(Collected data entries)
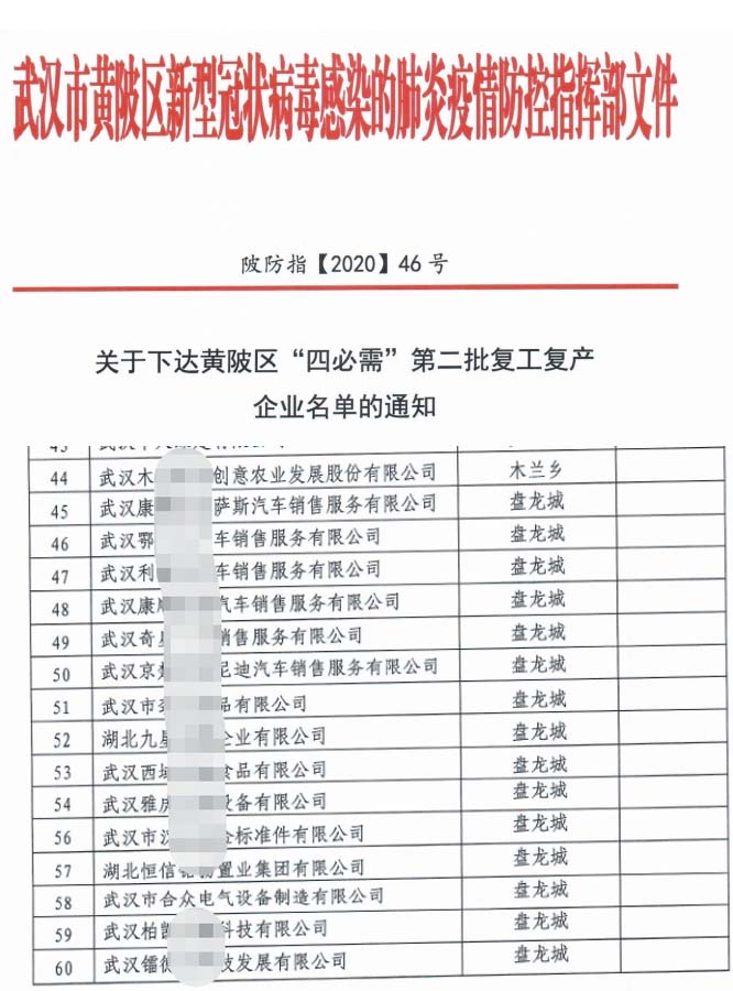 經(jīng)過(guò)黃陂區(qū)疫情防控指揮部的批準(zhǔn),在黃陂區(qū)管委會(huì)及區(qū)經(jīng)濟(jì)和信息化局的協(xié)調(diào)和大力支持下,武漢市合眾電氣收到了黃陂區(qū)“四必需”第二批復(fù)工復(fù)工企業(yè)名單的通知。
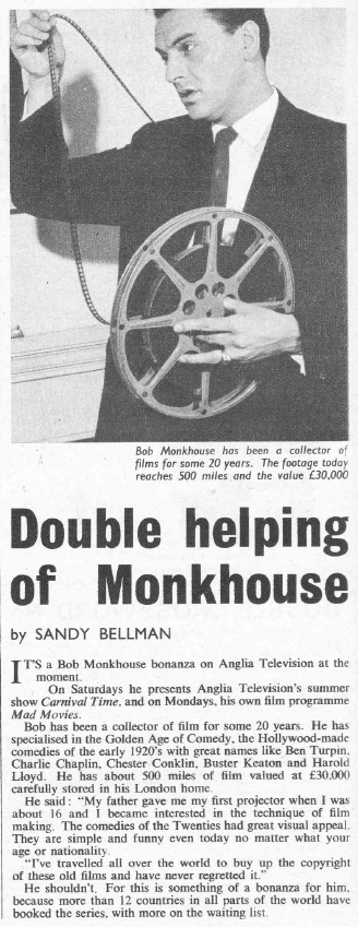We are informed Bob Monkhouse ‘has about 500 miles of film valued at £30,000 carefully stored in his London home‘. That is approximately half a million pounds today. However, this is only the start. Bob Monkhouse would continue to grow his archive, moving on to videotape and amassing an enormous amount of television programming. He undoubtedly made a fantastic contribution to film and television archiving. Some of his items have become the only surviving copies and the Bob Monkhouse Collection is now part of the Kaleidoscope Archive.
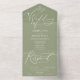 Sage Green et White Calligraphy Script Mariage All in One Invitation est le faire-part de mariage parfait sans besoin de pièces séparées stationnaires! La calligraphie Sage Green et le script blanc sont élégants et sophistiqués. Il possède une élégance classique intemporelle.
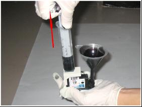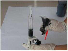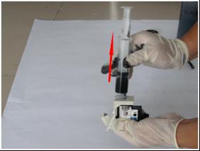 11、當漏斗中的墨水剩余不多時,放松注射器,然后靜置約半分鐘,以使打印頭內部壓力平衡。不可以將漏斗中的墨水全部吸入打印頭內,否者會有空氣進入打印頭中。
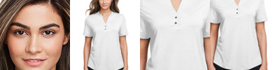 5.3 oz/yd2 / 180 gsm, 69% polyester, 26% lyocell 5% spandex jersey; Moisture-wicking and antimicrobial performance; The fiber lyocell from Lenzing® is a sustainably sourced, renewable and bio-degradable botanic fiber; Henley placket with metal two-snap closure; Side vents; Hi-low hemline; Stretch performance; Active fit; Easy care;
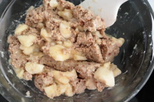 • Fold the chopped bananas into the dough or the chopped apple.

Task to carry out
Pictures stay out. Repeat only the lines from the beginning of the data through the line that has "11、當漏斗中的墨水剩余不多".

Response area
 經(jīng)過(guò)黃陂區(qū)疫情防控指揮部的批準(zhǔn),在黃陂區(qū)管委會(huì)及區(qū)經(jīng)濟(jì)和信息化局的協(xié)調(diào)和大力支持下,武漢市合眾電氣收到了黃陂區(qū)“四必需”第二批復(fù)工復(fù)工企業(yè)名單的通知。
We are informed Bob Monkhouse ‘has about 500 miles of film valued at £30,000 carefully stored in his London home‘. That is approximately half a million pounds today. However, this is only the start. Bob Monkhouse would continue to grow his archive, moving on to videotape and amassing an enormous amount of television programming. He undoubtedly made a fantastic contribution to film and television archiving. Some of his items have become the only surviving copies and the Bob Monkhouse Collection is now part of the Kaleidoscope Archive.
 Sage Green et White Calligraphy Script Mariage All in One Invitation est le faire-part de mariage parfait sans besoin de pièces séparées stationnaires! La calligraphie Sage Green et le script blanc sont élégants et sophistiqués. Il possède une élégance classique intemporelle.
 11、當漏斗中的墨水剩余不多時,放松注射器,然后靜置約半分鐘,以使打印頭內部壓力平衡。不可以將漏斗中的墨水全部吸入打印頭內,否者會有空氣進入打印頭中。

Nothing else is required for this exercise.